Hypothesis: In MASLD, zone‑3 hepatocytes accumulate labile iron due to impaired ferroportin export, which amplifies lipid peroxidation and triggers ferroptotic senescence. This senescent phenotype spreads via extracellular vesicle‑mediated transfer of oxidized lipids and mitochondrial DNA, causing paracrine aging in distant organs such as pancreas, kidney and heart, thereby linking hepatic zonation to systemic metabolic dysfunction.

Mechanistic basis

• Hypoxia‑iron axis: Low O2 in pericentral zones stabilizes HIF‑1α, which upregulates transferrin receptor (TFRC) and downregulates ferroportin (FPN1), increasing intracellular labile iron [https://royalsocietypublishing.org/doi/pdf/10.1098/rsif.2017.0443].
• Lipid overload: Reduced fatty acid oxidation and impaired PNPLA3‑mediated lipolysis cause lipid droplet accumulation, providing substrates for peroxidation [https://pmc.ncbi.nlm.nih.gov/articles/PMC8773141/].
• Ferroptosis trigger: Labile iron catalyzes Fenton reactions, generating lipid ROS that overwhelm GPX4 capacity, pushing hepatocytes toward ferroptotic damage [https://pmc.ncbi.nlm.nih.gov/articles/PMC12810195/].
• Senescence diversion: Sublethal ferroptotic stress activates p53‑p21 and DNA damage pathways, establishing the Aging Hepatocyte Gene Signature (AHGS) and a senescence‑associated secretory phenotype (SASP) [https://pmc.ncbi.nlm.nih.gov/articles/PMC12810195/].
• Paracrine spread: Senescent hepatocytes release extracellular vesicles enriched in oxidized phospholipids and mitochondrial DNA. Upon uptake by extra‑hepatic cells, these cargoes activate cGAS‑STING and NF‑κB signaling, propagating senescence and metabolic dysfunction to pancreas, kidney and heart [https://pmc.ncbi.nlm.nih.gov/articles/PMC12810195/].

Testable predictions

1. Iron imaging: Quantify labile iron in zone‑3 versus zone‑1 hepatocytes using calcein‑AM quenching in human MASLD biopsies; zone‑3 will show a ≥2‑fold higher labile iron pool [https://pmc.ncbi.nlm.nih.gov/articles/PMC2346454/].
2. Ferroportin manipulation: Genetic overexpression of ferroportin specifically in zone‑3 hepatocytes (using AAV8‑HGF promoter) will reduce AHGS incidence from ~44% to <15% in aged MASH mice, without altering overall iron load [https://pmc.ncbi.nlm.nih.gov/articles/PMC12810195/].
3. EV transfer: Isolate EVs from senescent zone‑3 hepatocytes and inject them into healthy mice; recipient pancreas, kidney and heart will exhibit increased p21^WAF1^ expression and impaired glucose tolerance within two weeks [https://pmc.ncbi.nlm.nih.gov/articles/PMC12810195/].
4. Therapeutic window: Combined treatment with a ferroptosis inhibitor (Fer‑1) and an HIF‑2α antagonist will synergistically lower zone‑3 AHGS and improve systemic insulin sensitivity more than either agent alone in aged MASH mice [https://pmc.ncbi.nlm.nih.gov/articles/PMC12810195/].

Falsifiability

If zone‑3 hepatocytes do not display elevated labile iron relative to zone‑1, or if ferroportin overexpression fails to diminish AHGS despite reducing iron, the hypothesis is refuted.
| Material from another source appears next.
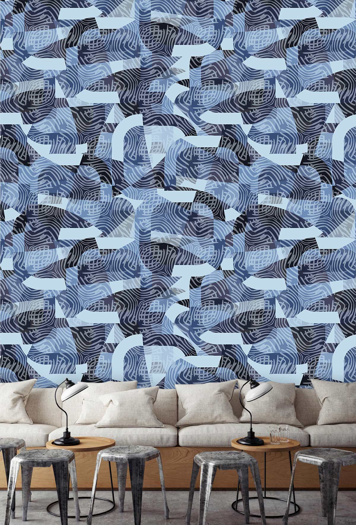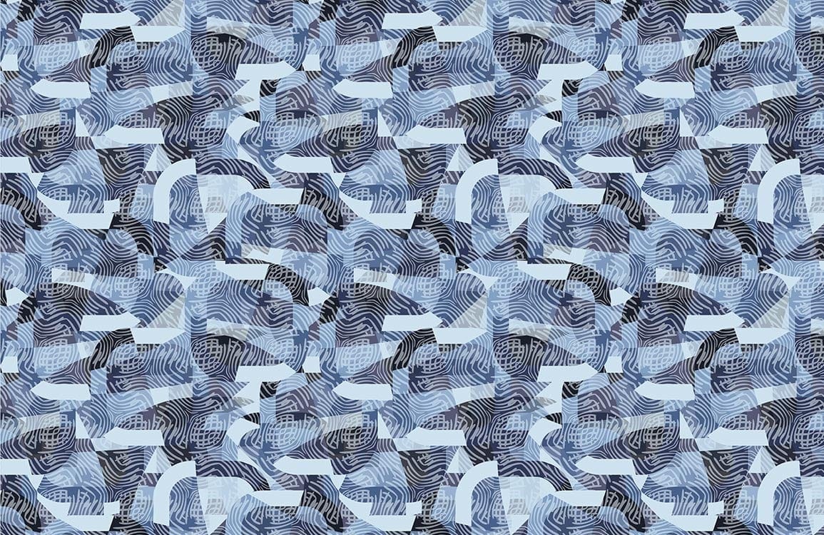 This Abstract Blue Wallpaper Mural captivates with its intricate interplay of geometric patterns and flowing lines. The soothing palette of blues and blacks creates a sophisticated tapestry that exudes both calm and contemporary flair. Vital for accentuating living spaces, it evokes a sense of endless horizon and artistic elegance, perfectly complementing a range of interiors from the modern to the minimalist.

Likewise, lack of senescence‑inducing activity in hepatocyte‑derived EVs would falsify the paracrine aging mechanism.

This framework integrates zonation‑specific iron handling, lipid peroxidation, and vesicle‑mediated senescence to explain how a localized hepatic lesion drives multi‑organ metabolic decline in MASLD.